Но тем не менее, когда мы доехали до моего дома, мужики нечеловеческими усилиями впихнули в себя сковородку жареной картошки и яичницу из десяти яиц, при этом Кораблев ворчал, что яйца несвежие, недельной давности, а у него гастрит. После чего начали рассказывать.

Дело по нападению на ювелирный магазин Лешка принял к своему производству. В первые дни ничего не вырисовывалось, и больше всего смахивало на дилетантский разбой. Оставшиеся после отправки в Англию гильзы эксперты проверили по пулегильзотеке, проверка ничего не дала. Поставили украденные из магазина украшения в картотеку похищенных вещей, разослали ориентировки.

Агентура молчала. И на третий день Горчакову, сидевшему в кабинете и лениво разбиравшему всякие вещички, извлеченные из карманов одежды убитого Асатуряна и из «бардачка» его машины, пришла в голову неординарная, прямо скажем, мысль.

Он вытащил из кучи вещей таксофонную карту, подивился, зачем она человеку, в распоряжении которого было четыре мобильных телефона, но все же послал опера в телефонную компанию с запросом, звонил ли куда-нибудь покойный в последнюю неделю перед смертью. И на следующий день опер привез ему справку о звонках господина Асатуряна с помощью таксофонной карты.

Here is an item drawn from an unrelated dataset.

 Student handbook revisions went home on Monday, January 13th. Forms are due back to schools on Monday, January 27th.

Первый звонок имел место за два дня до прошедшей субботы, длился три минуты, потом было еще шесть звонков по тому же номеру, достаточно длительных, а начиная с воскресенья господин Асатурян пять раз набирал тот же номер, но, судя по всему, разговора не происходило, а на карте эти разговоры отложились, поскольку там стоял определитель номера, а когда он включается, срабатывает соединение. Лешка подумал, что разговора все-таки не происходило, потому что продолжительность всех этих звонков была практически одинакова и невелика. Я бы тоже, как и Лешка, решила, что пять звонков в одно и то же место за довольно короткий отрезок времени могут, скорее всего, означать, что Асатурян не разговаривал ни с кем, а просто настойчиво пытался дозвониться. Данных о том, что он страдал старческим маразмом или болезнью Альцгеймера, у нас не было; ну и с чего бы ему тогда по пять раз названивать по одному номеру? Естественно, опера нашего убойного отдела тут же установили адрес, куда звонил Осетрина, и рванули туда. А там…

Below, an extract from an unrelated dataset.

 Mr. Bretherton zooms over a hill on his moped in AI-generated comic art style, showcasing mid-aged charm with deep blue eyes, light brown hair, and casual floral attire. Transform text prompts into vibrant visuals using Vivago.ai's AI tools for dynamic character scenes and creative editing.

— А там, Машка, съемная хата. И хозяин, который сообщил, что неделю назад в его квартире сняли комнату двое молодых мужиков, баб не водили, водку не пьянствовали, уходили на весь день, возвращались поздно, трезвые, говорили мало. Сам он в квартире постоянно не жил, эти подробности ему соседи докладывали. Хозяина я допросил, соседей тоже, комнату осмотрел сам. И нашел там газетку, на которой, по всей вероятности, что-то записывали. Вернее, не так: писали на бумаге, подложив газетку. И отдал я эту газетку — просто от безысходности — криминалистам нашим.